Within the records below, find the line with "原公司党委书记、董事长王殿林" and the line with "There’s no missing", then reproduce exactly those two lines and all lines between them, without any picture.

**INPUT RECORDS:**
☆ ☆ ☆ ☆

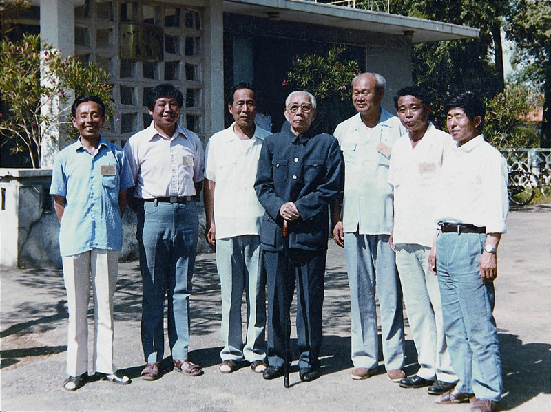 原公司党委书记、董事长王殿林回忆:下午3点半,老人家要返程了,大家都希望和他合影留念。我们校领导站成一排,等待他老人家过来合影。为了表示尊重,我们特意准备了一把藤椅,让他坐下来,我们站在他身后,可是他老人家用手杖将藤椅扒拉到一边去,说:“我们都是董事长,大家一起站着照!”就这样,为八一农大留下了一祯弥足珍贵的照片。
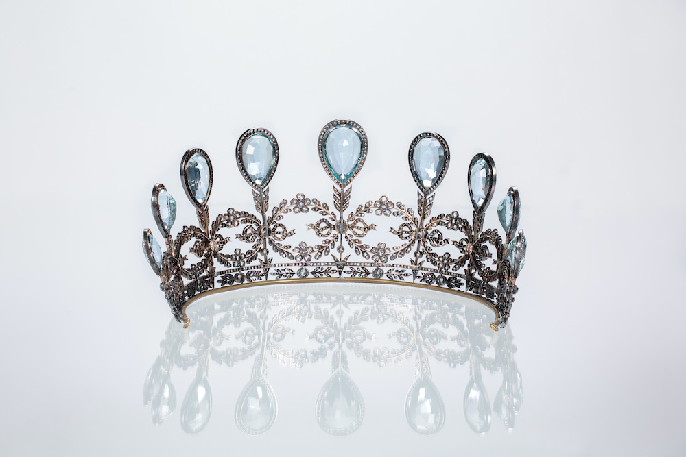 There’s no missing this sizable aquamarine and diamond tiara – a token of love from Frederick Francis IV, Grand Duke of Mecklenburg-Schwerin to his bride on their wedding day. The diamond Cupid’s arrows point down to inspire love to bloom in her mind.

☆ ☆ ☆ ☆

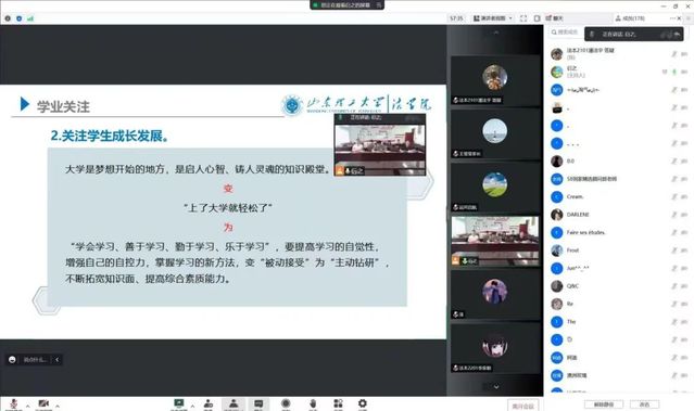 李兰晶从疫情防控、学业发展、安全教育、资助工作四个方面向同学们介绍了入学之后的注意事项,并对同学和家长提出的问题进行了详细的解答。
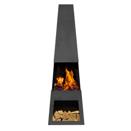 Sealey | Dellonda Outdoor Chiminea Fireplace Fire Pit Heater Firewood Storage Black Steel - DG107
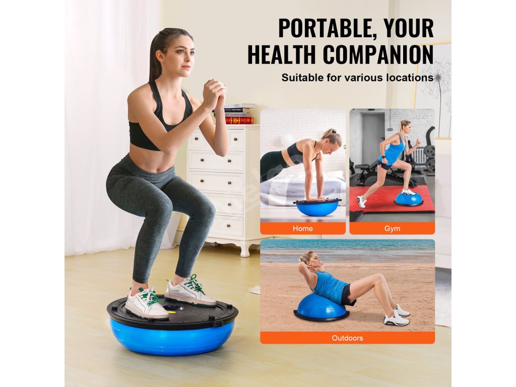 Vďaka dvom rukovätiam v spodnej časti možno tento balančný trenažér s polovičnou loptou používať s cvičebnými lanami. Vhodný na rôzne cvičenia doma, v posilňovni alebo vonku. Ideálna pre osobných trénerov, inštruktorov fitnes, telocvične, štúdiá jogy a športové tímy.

☆ ☆ ☆ ☆

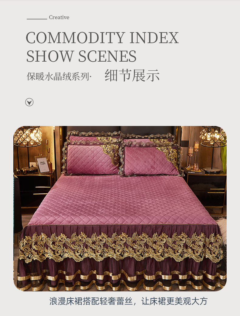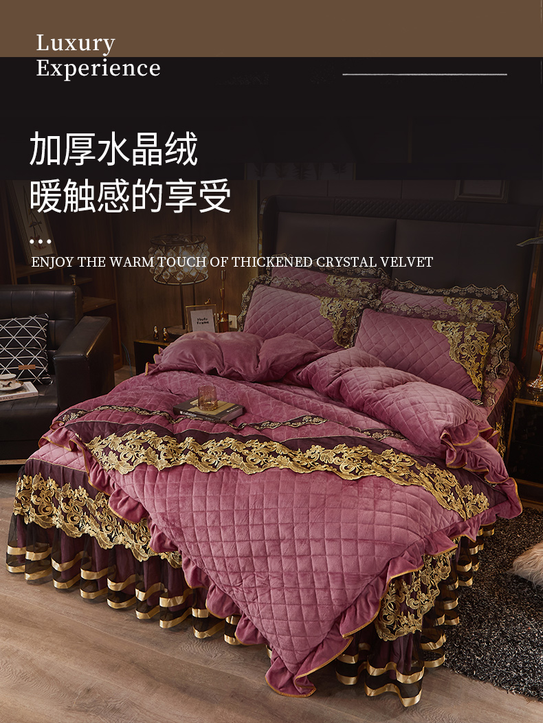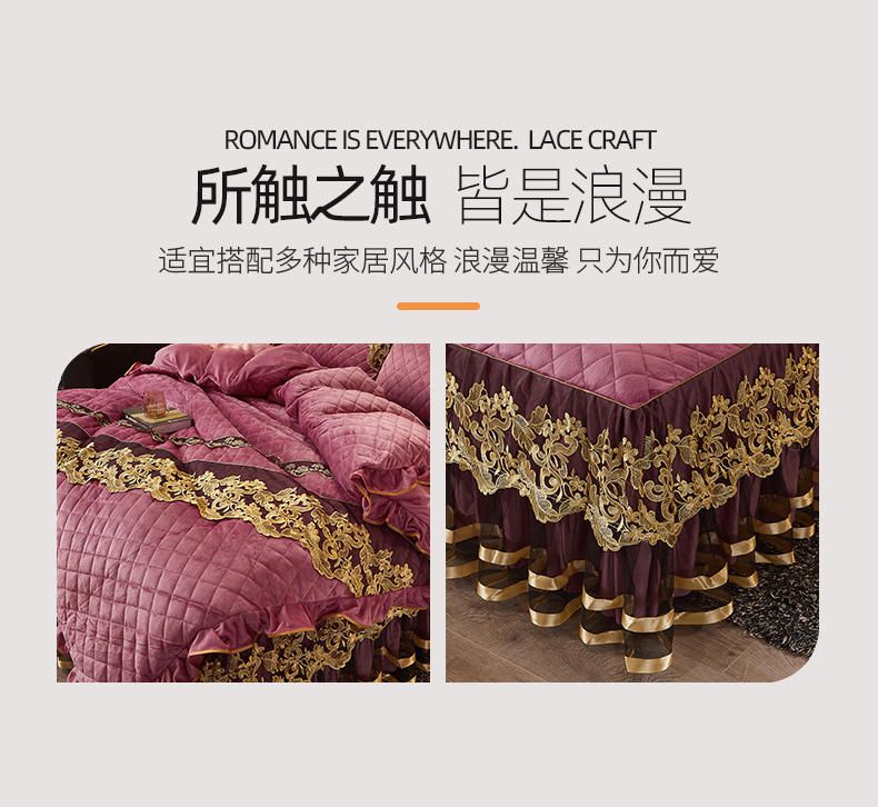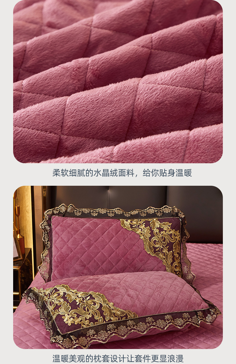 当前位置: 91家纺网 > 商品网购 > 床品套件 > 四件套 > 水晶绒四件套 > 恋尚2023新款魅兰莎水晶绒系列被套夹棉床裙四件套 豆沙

☆ ☆ ☆ ☆

**SOLUTION TO THIS PROBLEM:**
 原公司党委书记、董事长王殿林回忆:下午3点半,老人家要返程了,大家都希望和他合影留念。我们校领导站成一排,等待他老人家过来合影。为了表示尊重,我们特意准备了一把藤椅,让他坐下来,我们站在他身后,可是他老人家用手杖将藤椅扒拉到一边去,说:“我们都是董事长,大家一起站着照!”就这样,为八一农大留下了一祯弥足珍贵的照片。
 There’s no missing this sizable aquamarine and diamond tiara – a token of love from Frederick Francis IV, Grand Duke of Mecklenburg-Schwerin to his bride on their wedding day. The diamond Cupid’s arrows point down to inspire love to bloom in her mind.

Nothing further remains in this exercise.